I was reading about the universal property of kernels in category theory: if $f:A\to B$ is a morphism in a category with zero morphisms, the kernel of $f$ is an ordered pair $(K, k)$ where $K$ is an object and $k$ a map from $K$ to $A$ such that $f\circ k = 0$; furthermore, if $(L, \ell)$ is another such ordered pair, there is a unique morphism $\tilde\ell$ such that $k\circ\tilde\ell = \ell$.
I also read that $k$ is in practice always a monomorphism, and found that this leads to the kernel being unique up to unique isomorphism. In group theory, $K$ is constructed explicitly as the preimage of $e_B$, and $k$ is simply inclusion. But what about in general? Is $k$ assumed to be a monomorphism, or can it be proven from the details given above?
$k$ is not assumed to be a monomorphism, this is a corollary of the definition.

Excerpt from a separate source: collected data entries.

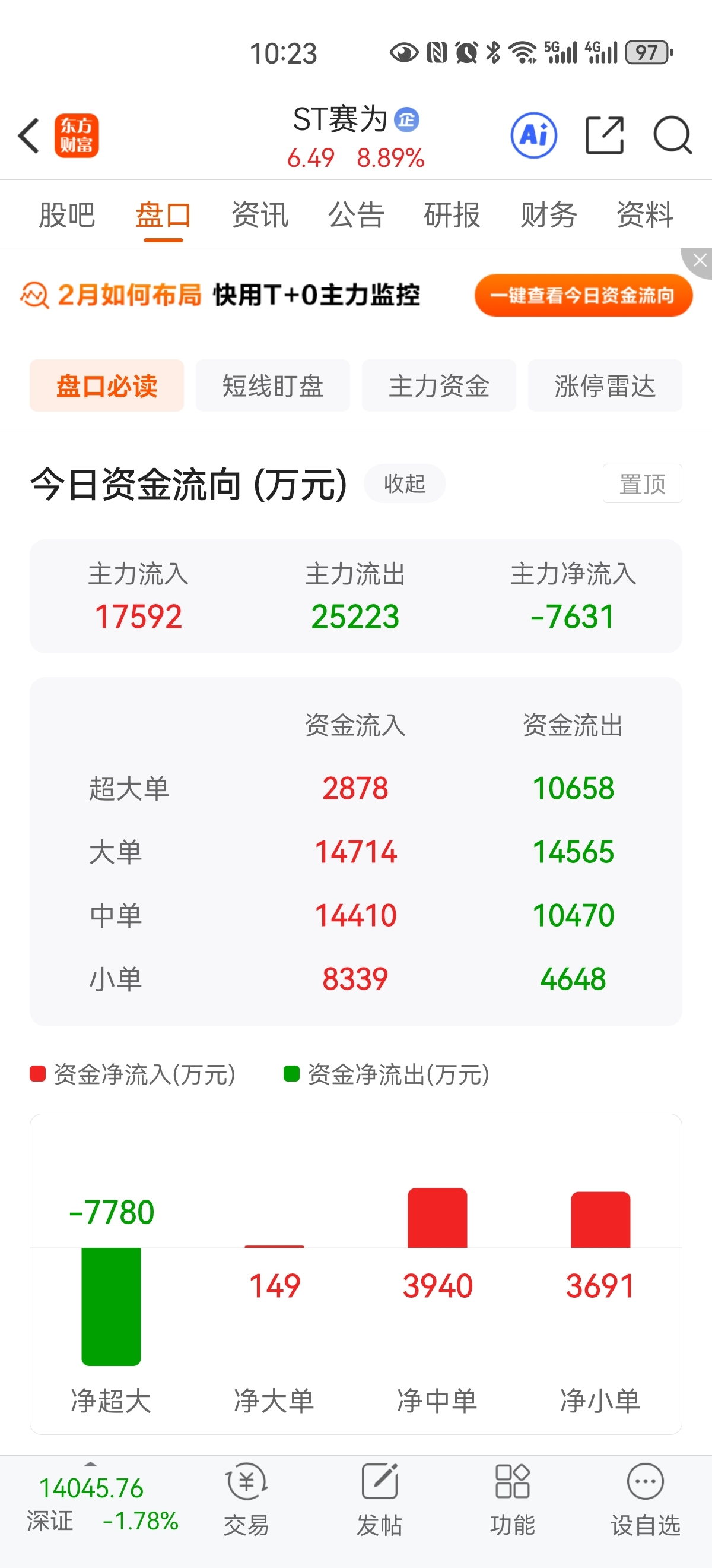 $ST赛为(SZ300044)$ 这主力哪是出货啊,这明明是在逃命啊。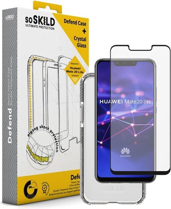 SoSkild Huawei Mate 20 Lite Defend Heavy Impact Case Transparent and Tempered Glass (black)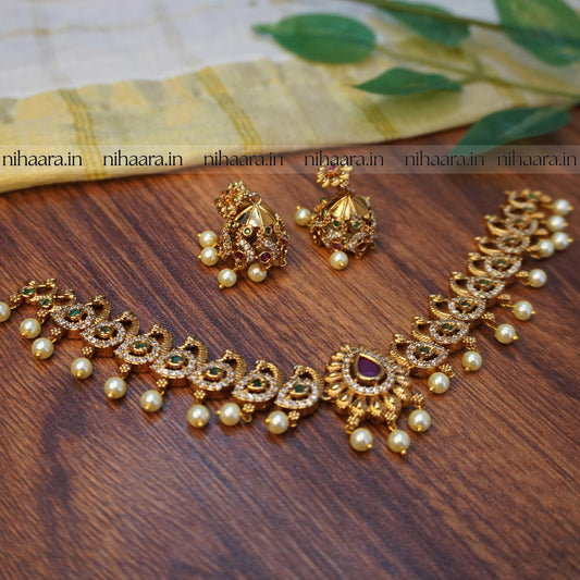 Premium AD Antique Gold Peacock Necklace Set NA827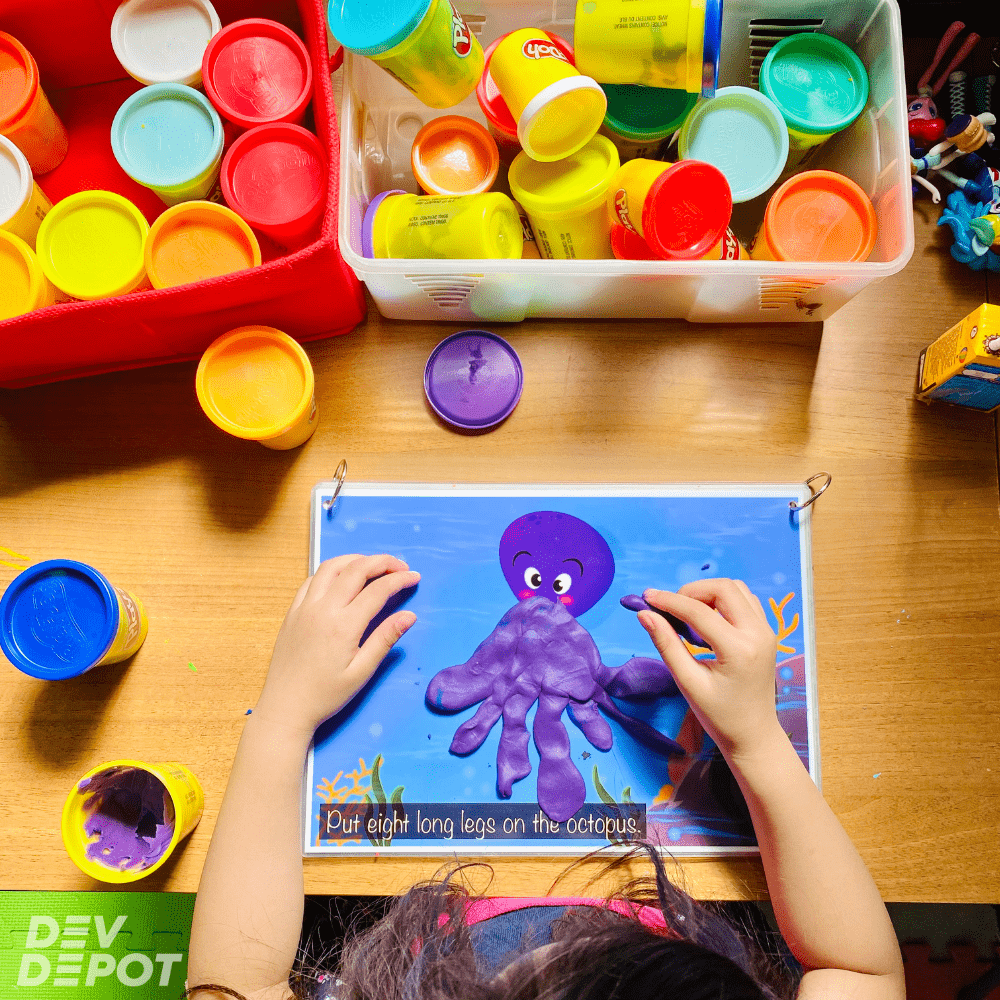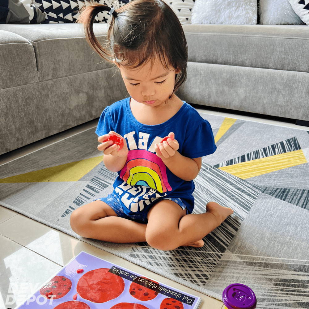 This playdough mat set contains 14 full-color illustrations which provide prompts for your little ones to play with their favorite dough. Children get to learn their colors, shapes, and numbers, and widen their vocabulary - all while enhancing their fine motor skills! The vibrant colors add to the overall appeal and will help keep young minds engaged for hours.

Suppose $kx=ky$ for two arrows $x,y:L\to K$. Then $f\circ ky=(f\circ k)\circ y=0$ so the pair $(L,ky)$ has this property, so there should be a unique morphism $\tilde{\ell}:L\to K$ such that $k\tilde{\ell}=ky$. Obviously, both $x$ and $y$ serve as valid candidates for $\tilde{\ell}$, so by uniqueness they have to be the same; $x=y$ is forced.
Thus $k$ is a monomorphism. It's more generally true that any equaliser arrow is a monomorphism.